Importantly, the IncuCyte ZOOM platform can distinguish among various forms of neutrophil cell death. In NETosis, the characteristic changes of loss of nuclear lobulation, nuclear decondensation, and mixing of nuclear content with cytoplasmic proteins can be monitored, in addition to the release of NETs to the extracellular space in the later stages of NETosis. In apoptosis, a more gradual condensation and fragmentation of the nuclei, with eventual membrane blebbing, become apparent. In contrast, necrosis induced by Triton X-100 was characterized by rapid cell swelling, immediate loss of cell membrane integrity, and a nucleus that remained lobulated. Due to dispersion of chromatin material outside the cell boundaries over time, necrosis should be further confirmed by direct visualization of the cells and the population kinetics of cell death, particularly with new stimuli. Other programmed cell death mechanisms, such as necroptosis (39), a receptor interacting protein-1 kinase–dependent process, and pyroptosis (40, 41), an inflammasome and caspase-1–dependent process, have similar morphological features as those seen in necrosis (12), and this methodology may not allow these forms of cell death to be distinguished from necrosis.

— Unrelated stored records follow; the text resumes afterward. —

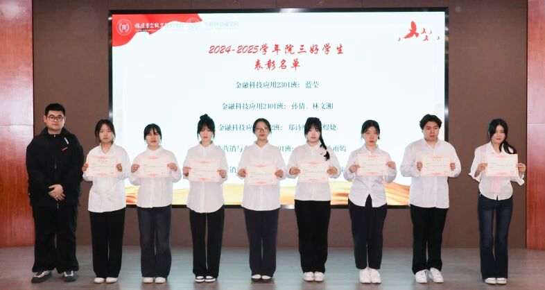 为树立典型,弘扬体育精神,展现Beat365风采,12月11日晚,互联网金融学院在教学楼404召开互联网金融学院2024-2025学年表彰大会暨2025年校运会总结表彰大会。出席大会的有互联网金融学院院长程诗鸿院长、团总支书记谢德惠老师、辅导员蔡婷婷老师、陈瑾老师及受表彰学生代表。
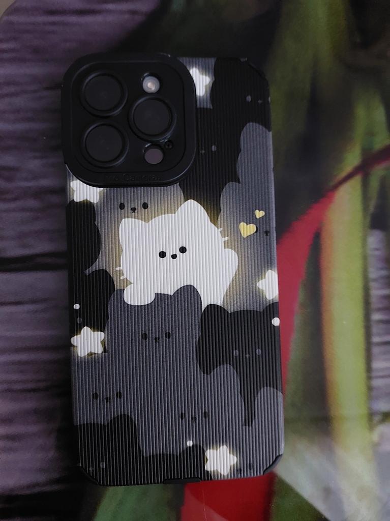 Vertical Grain Leather Cartton Shiny Cat Shell Soft Silicone Phone Case Back Cover with Camera Lens Full Protection for iPhone
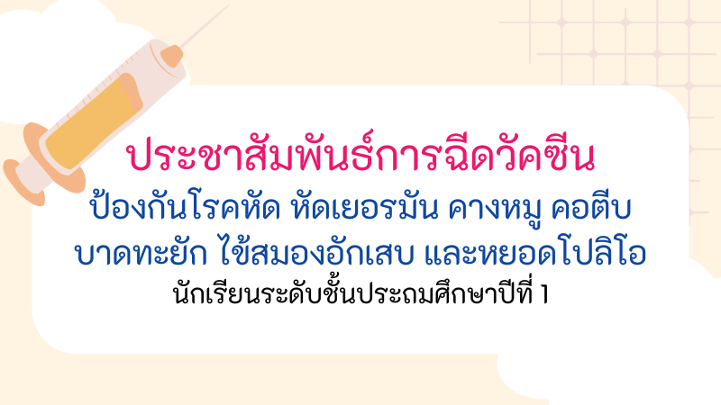 ฉีดวัคซีนป้องกันโรคหัด หัดเยอรมัน คางหมู คอตีบ บาดทะยัก ไข้สมองอักเสบ และหยอดโปลิโอ นักเรียนระดับชั้นประถมศึกษาปีที่ 1 Super User ข่าวประชาสัมพันธ์ 17 พฤศจิกายน 2568 อ่านเพิ่มเติม...
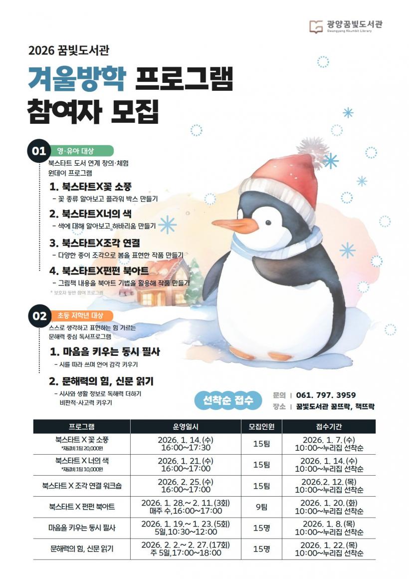 ÇÑÆí, ²Þºûµµ¼°ü °Ü¿ï¹æÇÐ ÇÁ·Î±×·¥Àº ¹æÇÐ ±â°£ÀÎ 1~2¿ù ¿î¿µµÈ´Ù. ¿µÀ¯¾Æ ´ë»ó ÇÁ·Î±×·¥Àº ¼ö¾÷ ½ÃÀÛ 7ÀÏ ÀüºÎÅÍ ¸ðÁýÇϸç, ÃÊµî ´ë»ó ÇÁ·Î±×·¥ÀÎ ¡®¸¶À½À» Ű¿ì´Â µ¿½Ã Çʻ硯¿Í ¡®¹®ÇØ·ÂÀÇ Èû, ½Å¹® Àб⡯´Â °¢°¢ 1¿ù 8Àϰú 21ÀÏ ¿ÀÀü 10½ÃºÎÅÍ Á¢¼ö¸¦ ½ÃÀÛÇÑ´Ù.

There are some other limitations of this methodology. The platform is only able to detect fluorescence in one green and one red channel, restricting the user from labeling other cellular components. Because of the limitation in the optical zoom focus, higher resolution of individual cells is not possible but may be complemented by assessment using fluorescent or confocal microscopy techniques, especially when testing new conditions. Impairment in plasma membrane integrity due to various nonspecific stimuli can give false positive results; however, direct visualization of the cells using a control without stimuli and stringent size and fluorescence intensity cutoff can help to mitigate these issues. The availability of the instrument may be a limiting factor; however, with the expanding role of this platform in studying the physiology of other cells (42–44), as well as its ability to accommodate multiple plates and flask sizes and image more than one plate at a time, the use of the IncuCyte ZOOM system may become more widespread.

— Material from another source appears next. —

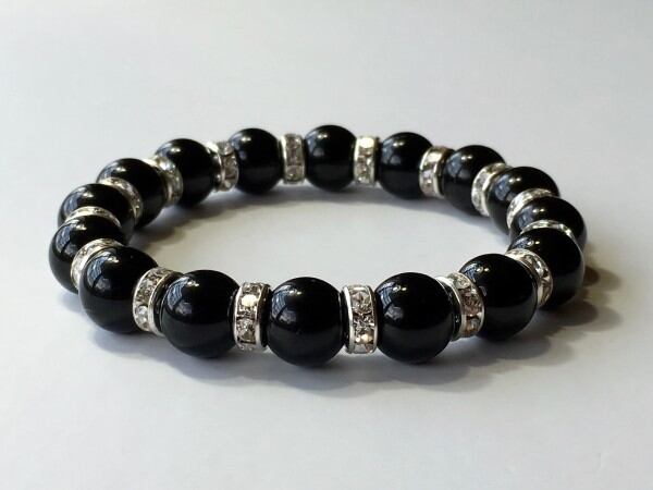 こちらは、10mm玉のオニキスを使用した天然石ブレスレットです。間にはシルバーのロンデルで高級感あるデザインです。石大きさは腕にも馴染みやすいように10mm玉で内周約18cm(伸可能)です。気になる方は是非この機会にどうぞ。

In summary, we describe a novel, real-time, image-based platform using IncuCyte ZOOM that allows for a rapid unbiased quantification of NETosis and other types of neutrophil cell death, offering a significant advancement in the study of neutrophil biology. This imaging platform enables visualization and quantification of NETosis in real time. Our findings suggest that the specificity and sensitivity of this method may allow the accurate acquisition of kinetics data and visualization of various stages of cell death processes. This method supports a dynamic characterization not previously reported that can be used as a standard for comparison among samples and among different research groups. Furthermore, this technique can differentiate among distinct types of neutrophil cell death in response to various stimuli. This imaging platform represents an important improvement that can complement current methods to study neutrophil physiology in vitro and to evaluate novel therapeutic targets.

We thank Dr. Evelyn Ralston (National Institute of Arthritis and Musculoskeletal and Skin Diseases, National Institutes of Health) for support and feedback on this project.

The authors have no financial conflicts of interest.